All the time I was getting my BFN’s people all around me were getting their BFP’s. I am so happy for those people, I truly am, and this is something that I think people need to understand. I would never wish this on anyone. If I ever act weird or seem sad, it’s not because I’m mad, jealous, or want something bad to happen. I am happy for you, but I am sad for us too. People shouldn’t be scared to talk baby with me. I love kids – that’s why I am a teacher.
So after nine long months I got that second BFP on April 9, 2012. Since I had already had one miscarriage my doctor got me in for some early blood work which all came back great. On May 1, Mike and I got to hear the heartbeat for the first time (best sound ever!). I felt like this was it. But, the next day I started to have some cramping. At 4 pm that day, it happened. That thing you never want to see if you are pregnant – blood. I called my doctor’s office right away and they told me to rest and come in first thing tomorrow. Sitting in that waiting room was awful. After what seemed like forever, there I was again laying on that table hoping that I would leave the doctor’s office that day still pregnant. Then, there it was again – that wonderful sound of a beating heart.
Sadly, a few days later things took a turn for the worse, and on May 7, I went back to the doctor where they confirmed that I had lost the pregnancy. Since I had two consecutive miscarriages, my doctor decided to run some tests where she found that I had a blood clotting disorder (Protein C Deficiency). This is good right? We had a problem and now we had a solution. I was going to be on blood thinners as soon as I got my next BFP.

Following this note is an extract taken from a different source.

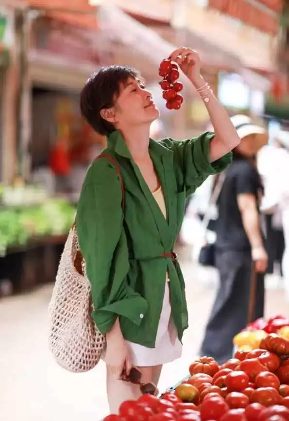 吴越这件绿衬衫是纯色的,没有多余图案,但高级感一点不差。衬衫通常都是翻领设计,她选择敞开穿,特别适合高温天。如果想更时尚,可以学她加一条腰带,颜色不一定要匹配,这样层次感更丰富。

Four months later on August 11, 2012 I got my third BFP. Unfortunately for us, this pregnancy ended yet again in a miscarriage. My doctor decided to send us to a specialist. Little did I know that now we were going to be encountering another problem – actually getting pregnant. So not only do we have to worry about keeping a pregnancy, but we have to, in fact, get pregnant in order to even worry about that. After months and months of trying with no luck (even with the help of fertility medicine) my doctor decided to do a laparoscopy. After the procedure, my doctor felt confident that he had fixed the problem of not being able to conceive and he wanted us to try without the help of fertility drugs.
Well, he was right. The month after my surgery on July 19, 2013, we got our fourth BFP. I went in for my first HCG draw and then again forty-eight hours later to see if my numbers doubled and they did. Unfortunately, I went back a few days later for another HCG draw and my numbers dropped. Four miscarriages! I never thought it would be this hard. And to think, I spent all those years worrying about not getting pregnant.
I never would have thought that this would be something I would be sharing with the world, but this is our story. It’s not the story we wished for or ever wanted, but.. it is what it is. I have come to realize that having a miscarriage is not something I can control. Mike and I do the only thing we can at this point which is picking ourselves up for the fourth time and having to accept that it is what it is. Who knows what is in store for us, but the one thing I am sure of is that I am so thankful to have Mike. He is my rock and sometimes I feel like our husbands get forgotten when it comes to miscarriages, because it’s not their body. But the truth is, they feel the same grief that we do.
Thank you for allowing me to share my story.